Identifying and supporting vulnerable students
By Clare Brokenshire | Deputy Headteacher at Academy21
All students are unique, and the most effective methods of learning varies between individuals. This is particularly true for vulnerable students who often either need additional or differing forms of support. But being able to identify vulnerable students is the first step in providing them with the support they need to ensure they receive the high-quality education they deserve which is why it is crucial that educators are aware of what distinguishes vulnerable students.
What defines a vulnerable student?
The overarching definition of a vulnerable student is a young person who requires extra support with their education. It is a broad term which encompasses several types of individuals. For example, it may be students with special educational needs and disabilities (SEND), those with either mental or physical health issues, young people with behavioural difficulties such as obsessive compulsive disorder (OCD) or emotional disturbance, or students who are in difficult circumstances which have led to them needing extra assistance.
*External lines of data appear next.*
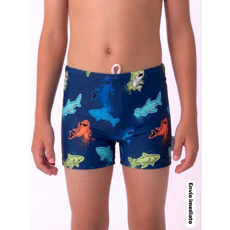 Sunga Boxer Infantil Juvenil Criança Proteção Uv+ Praia Nataçao Short Cueca Sunguinha Lisa Estampada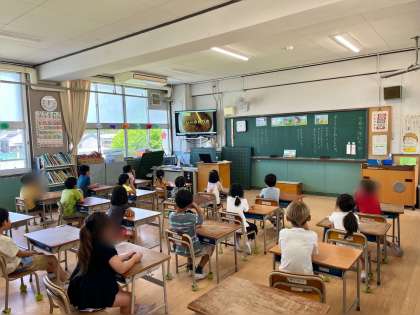 本校では食育の観点から、児童がより給食に興味を持つように、給食調理の動画を視聴する取組を開始しました。動画は給食調理を担当する職員の説明付きで、第1回目は「カレーの作り方」でした。動画の最後には「何を作っているでしょうか?」というクイズ形式の動画もあり、児童は最後までまじまじと視聴していました。動画は学期に1回程度更新していく予定です。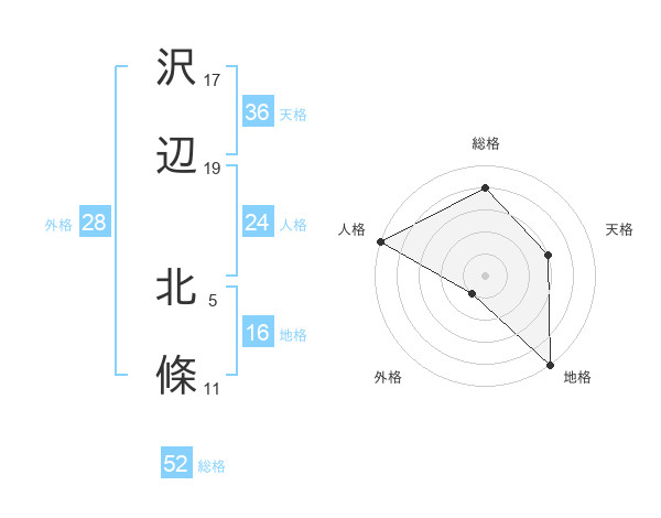 沢辺 北條さんの総格は52画の4点!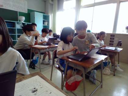 1年生 クロームブックの使い方 公開日 2024/05/08 更新日 2024/05/08 1年生 6年生のお兄さんお姉さんに、クロームブックの使い方を教えてもらいました。パスワードを自分で入力して、立ち上げることができるととても嬉しそうにしていましたよ!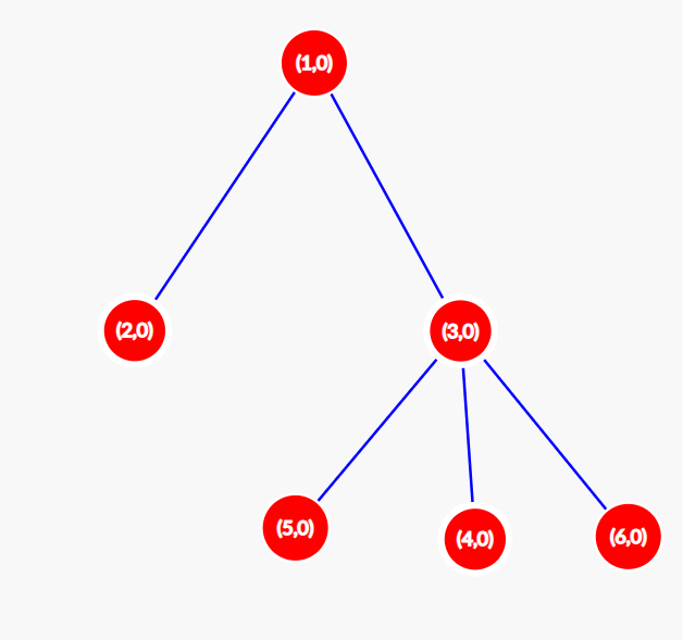 在 $t=2$ 时,配置变为 $[0,0,0,0,0,0]$。树如下图所示。$S(2)=0$。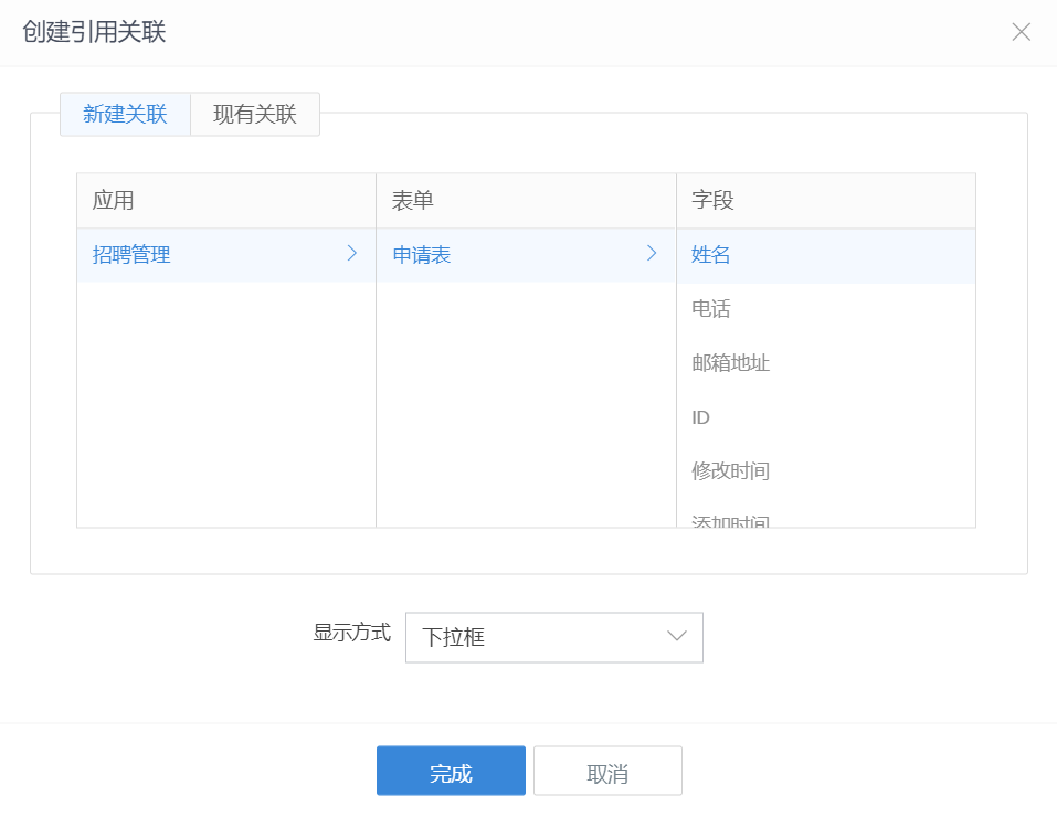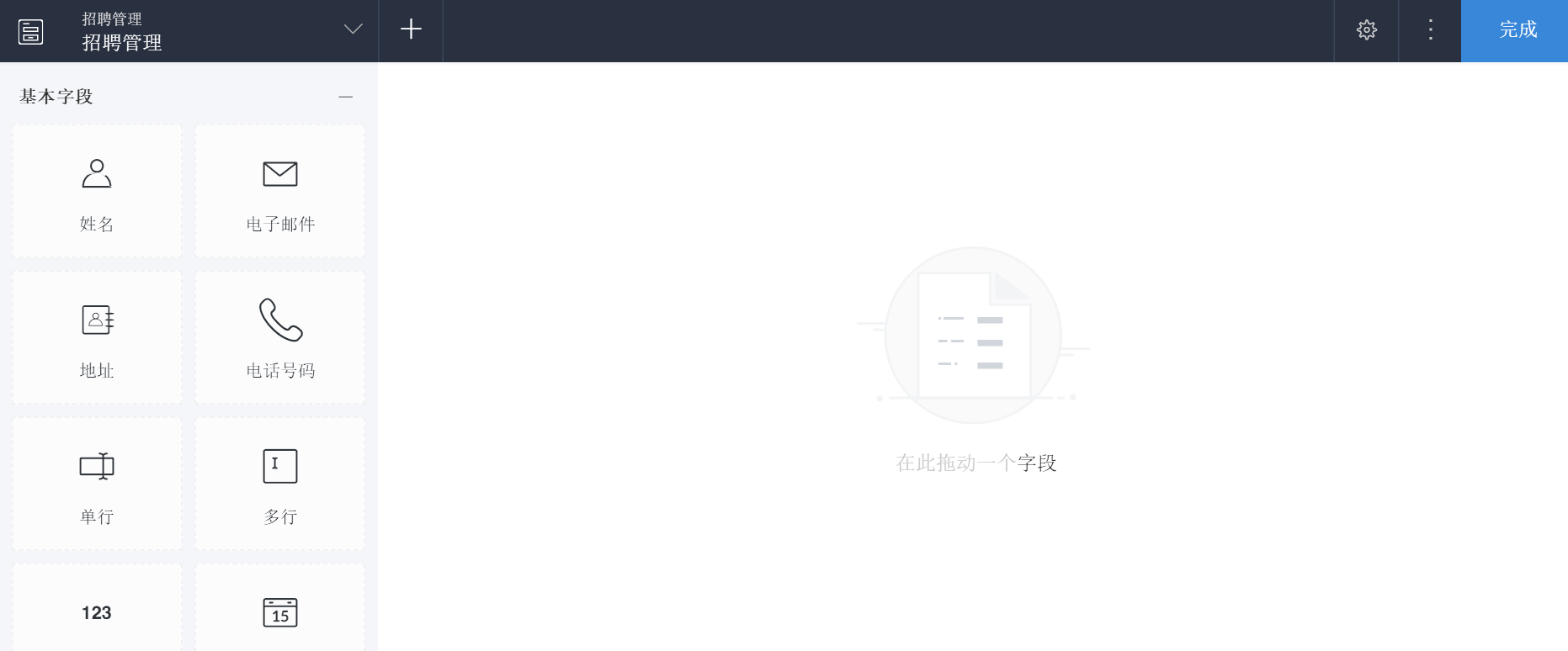 字段类型 将其字段名称设置为 配置其字段属性 邮件 邮箱地址 设置为必填 电话 电话 - 文件上传 简历 设置为必填 点击显示在表单构建器右上角的完成:

It is also important to be aware that individuals could be categorised as ‘vulnerable’ for either a short or long period of time. It may be the case that a situation or series of events has led to a young person requiring extra support for a few weeks or months, before ‘bouncing back’ after reaping the positive benefits, and no longer needing additional assistance. Alternatively, due to the conditions or disabilities of some students, they may require extra support on a more permanent basis.
How can we support vulnerable students?
As already alluded to, students have varying needs, they learn at differing rates and in various ways across the academic year. Therefore, the most effective way to support them is through offering flexibility.
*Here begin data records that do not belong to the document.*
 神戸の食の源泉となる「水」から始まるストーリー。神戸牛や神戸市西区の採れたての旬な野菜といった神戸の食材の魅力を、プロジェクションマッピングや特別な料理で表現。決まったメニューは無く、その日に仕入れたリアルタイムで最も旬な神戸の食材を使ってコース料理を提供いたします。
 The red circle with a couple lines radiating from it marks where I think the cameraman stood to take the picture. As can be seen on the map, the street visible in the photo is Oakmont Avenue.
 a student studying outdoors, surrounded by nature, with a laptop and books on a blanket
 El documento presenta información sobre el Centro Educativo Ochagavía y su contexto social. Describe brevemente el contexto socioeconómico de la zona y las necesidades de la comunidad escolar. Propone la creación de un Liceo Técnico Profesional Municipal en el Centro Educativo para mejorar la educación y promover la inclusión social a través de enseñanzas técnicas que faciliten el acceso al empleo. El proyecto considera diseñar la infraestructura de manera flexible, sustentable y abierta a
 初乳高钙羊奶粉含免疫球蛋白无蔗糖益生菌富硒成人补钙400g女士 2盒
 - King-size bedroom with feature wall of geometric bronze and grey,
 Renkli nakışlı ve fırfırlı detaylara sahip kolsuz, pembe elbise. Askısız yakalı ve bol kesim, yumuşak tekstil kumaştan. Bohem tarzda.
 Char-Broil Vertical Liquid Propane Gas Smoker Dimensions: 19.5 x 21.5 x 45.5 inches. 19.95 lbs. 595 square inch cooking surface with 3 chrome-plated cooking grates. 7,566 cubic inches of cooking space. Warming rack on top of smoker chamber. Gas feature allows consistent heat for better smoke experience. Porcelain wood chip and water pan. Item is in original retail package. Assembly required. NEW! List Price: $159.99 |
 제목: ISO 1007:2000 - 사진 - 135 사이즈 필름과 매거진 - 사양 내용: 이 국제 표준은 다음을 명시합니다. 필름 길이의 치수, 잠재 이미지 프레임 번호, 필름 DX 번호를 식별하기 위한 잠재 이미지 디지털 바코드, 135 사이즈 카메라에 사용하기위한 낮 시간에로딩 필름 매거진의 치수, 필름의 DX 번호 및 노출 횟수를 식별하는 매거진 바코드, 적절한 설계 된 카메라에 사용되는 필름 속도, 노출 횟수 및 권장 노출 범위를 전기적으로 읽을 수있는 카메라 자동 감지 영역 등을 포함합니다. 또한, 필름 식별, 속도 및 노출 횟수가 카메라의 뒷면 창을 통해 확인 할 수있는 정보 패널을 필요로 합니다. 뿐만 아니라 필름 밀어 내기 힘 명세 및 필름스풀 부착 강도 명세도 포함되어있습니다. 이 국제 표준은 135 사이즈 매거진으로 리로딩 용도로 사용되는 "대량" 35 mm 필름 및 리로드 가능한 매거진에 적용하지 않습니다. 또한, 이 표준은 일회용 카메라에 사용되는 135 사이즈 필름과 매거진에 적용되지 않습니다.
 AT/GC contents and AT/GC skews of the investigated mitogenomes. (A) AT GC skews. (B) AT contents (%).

This is where Academy21 comes in! Our flexible online environment can help students remain engaged with their learning – without, most importantly, causing disruption to their routine. The variety of resources, interactive tools and support options mean that they have access to the best provision which suits their needs. For example, it may be that young people struggling with mental health problems and/or anxiety require additional one-to-one support to help them progress and rebuild their confidence. Or if a student is absent from school for a period of time (whether that be for health reasons or not engaging with a traditional environment) they are still able to access lesson content and recordings, even after the lesson has taken place, which helps them ‘catch up’ or simply reinforces their learning.
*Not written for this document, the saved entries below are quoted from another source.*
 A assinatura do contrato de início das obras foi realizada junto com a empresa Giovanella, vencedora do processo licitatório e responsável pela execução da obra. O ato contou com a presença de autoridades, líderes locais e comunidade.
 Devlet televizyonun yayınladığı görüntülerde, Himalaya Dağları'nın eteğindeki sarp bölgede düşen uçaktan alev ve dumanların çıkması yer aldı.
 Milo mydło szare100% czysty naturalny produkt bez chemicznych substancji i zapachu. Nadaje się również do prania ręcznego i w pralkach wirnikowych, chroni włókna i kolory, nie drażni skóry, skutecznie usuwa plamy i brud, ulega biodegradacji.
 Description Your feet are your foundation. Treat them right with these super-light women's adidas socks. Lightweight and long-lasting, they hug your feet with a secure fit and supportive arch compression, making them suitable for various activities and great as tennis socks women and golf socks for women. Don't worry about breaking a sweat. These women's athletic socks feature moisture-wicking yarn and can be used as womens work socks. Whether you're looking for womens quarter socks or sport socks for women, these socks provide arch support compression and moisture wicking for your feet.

Additionally, a more informal, ‘relaxed’ setting can also often prove extremely valuable to vulnerable students in helping them to feel comfortable and secure. In Academy21 lessons, students refer to members of staff by their forename rather than surname (which is the case in the majority of mainstream schools), developing a more comfortable learning setting. Staff are also able to build and manage a positive ethos in online classrooms and develop strong rapport with each student. Classroom disruption is also a thing of the past; whilst it does not happen often in our lessons, if a student is causing significant disruption, staff are able to simply remove them from the online classroom. This helps students concentrate on their own learning experience, without comparing their progress to peers. They are also able to ask questions confidentially via the chat function without worrying about ‘speaking up’ in class. All of this in turn helps them to feel more relaxed, which in turn positively impacts their development.
Another benefit of Academy21 is being able to provide reassurance to students, parents and schools that our teachers are fully qualified to not only deal with students’ additional needs, but are experts in delivering online lessons – arguably a very different environment for teachers as we’ve discovered during lockdown! We provide students with teachers who are trained how to teach ‘through the screen’ and understand how to best connect with students and ensure lessons are exciting and captivating to maintain their interest and engagement levels.
Vulnerable children deserve a high-quality education just as much as any student, and it is crucial that those who require additional support have access to it, especially if they aren’t able to attend school in person. We are passionate about supporting students and schools in helping to deliver the best possible support, and ensure they are able to continue learning regardless of their situation.